Alors qu’il devenait évident que la fin de la guerre approchait en Europe, les Wrens, tout comme les autres membres du service, se préparaient à faire la transition vers la vie civile. Une présentation donnée à un groupe de Wrens à Ottawa portait sur la façon de « tirer le maximum du minimum » avec l’allocation vestimentaire de 100 $ qui serait donnée aux femmes militaires lors de la démobilisation. « Le clou de l’a présentation », selon un article sur le « défilé de mode » paru dans le Tiddley Times, « était le magnifique costume bleu marine et le béret assorti, confectionnés à partir d’un uniforme Wren et d’une coiffe de gréement ronde. »Note de bas de page 8 Il était nécessaire d’économiser même après la fin de la guerre, car le rationnement et les pénuries se poursuivaient.

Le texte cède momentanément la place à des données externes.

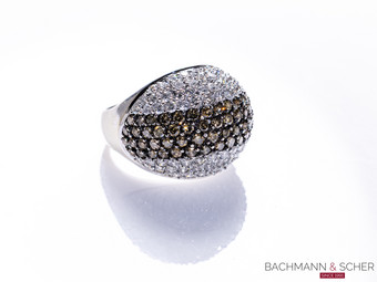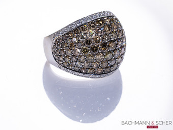 Ring Dome 18K White Gold 130 Diamonds Champagne circa 2,20ct Ring Size 57

Le jour de la Victoire en Europe est survenue le 8 mai 1945, et avec elle, la fin de la guerre dans l’Ouest. Le WRCNS a été dissous en août de l’année suivante, mettant fin à un chapitre de l’histoire navale canadienne. On a reconnu le service des Wrens et leur énorme contribution à la Marine.

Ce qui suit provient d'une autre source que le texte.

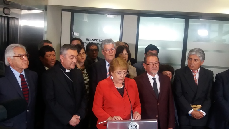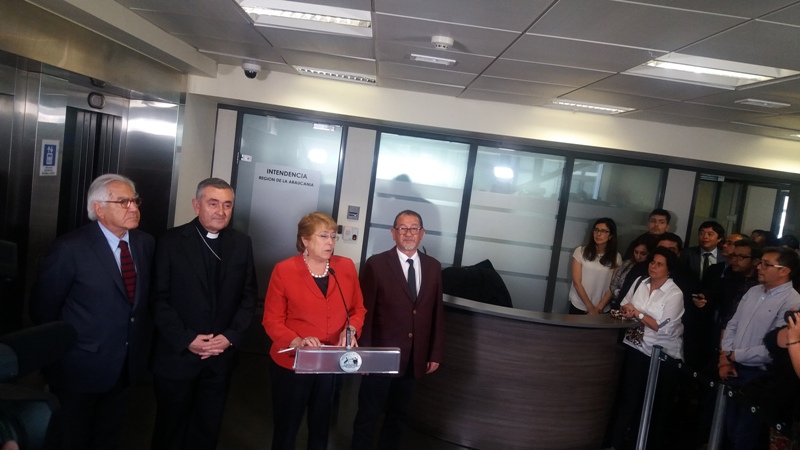 A las 11 de la mañana, de este lunes  26, la presidenta Michelle Bachelet llegó hasta la región de La Araucanía, junto a los Ministros del Interior y Seguridad, Mario Fernández; Ministra de Vivienda y Urbanismo, Paulina Saball; Ministra de Salud, Carmen Castillo; Ministra de la Mujer y Equidad de Género, Claudia Pascual y el Ministro Secretaría General de la Presidencia, Nicolás Eyzaguirre.

« Elles se sont enrôlées parce que leur pays avait besoin d’elles », a déclaré le capitaine de frégate William Strange, directeur de l’information navale, dans un discours prononcé en août 1946 à la radio de la CBC pour marquer la fin du WRCNS. « Il se peut que ce soit parce qu’un frère était déjà dans le service, ou simplement parce qu’elles espéraient avoir un aperçu de l’eau bleue, ou peut-être simplement parce qu’elles aimaient l’idée d’être dans la Marine. Quelle que soit la raison de leur engagement, elles étaient prêtes à aller n’importe où ou à faire tout ce que le service naval pouvait exiger d’elles.Note de bas de page9

Les femmes ont réintégré le service naval dans les années 1950, d’abord comme membres de la Marine royale du Canada (Réserve) à partir de 1951. Quelques années plus tard, les femmes ont été autorisées à s’enrôler dans la Force régulière, et non plus dans un service distinct.

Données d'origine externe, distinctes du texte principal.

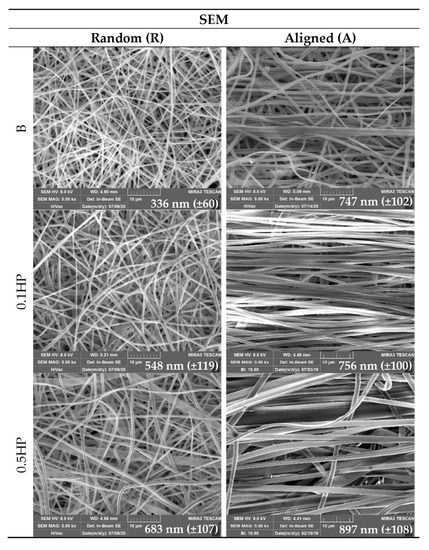Figure 2 reports the SEM images of B, 0.1 HP and 0.5 HP scaffolds in aligned tubular (A) and random (R) structure.
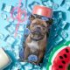 Dans Un Jardin Rose Bleu, Vous Trouverez Un Staffy Brown Et Blanc.

Cependant, leur service pendant la Seconde Guerre mondiale a changé la société canadienne à jamais. Pendant que les hommes étaient en mer, les femmes ont travaillé dans tous les secteurs de l’économie et dans tous les domaines du service national, jetant ainsi les bases de la lutte pour l’égalité des femmes au cours des décennies qui ont suivi.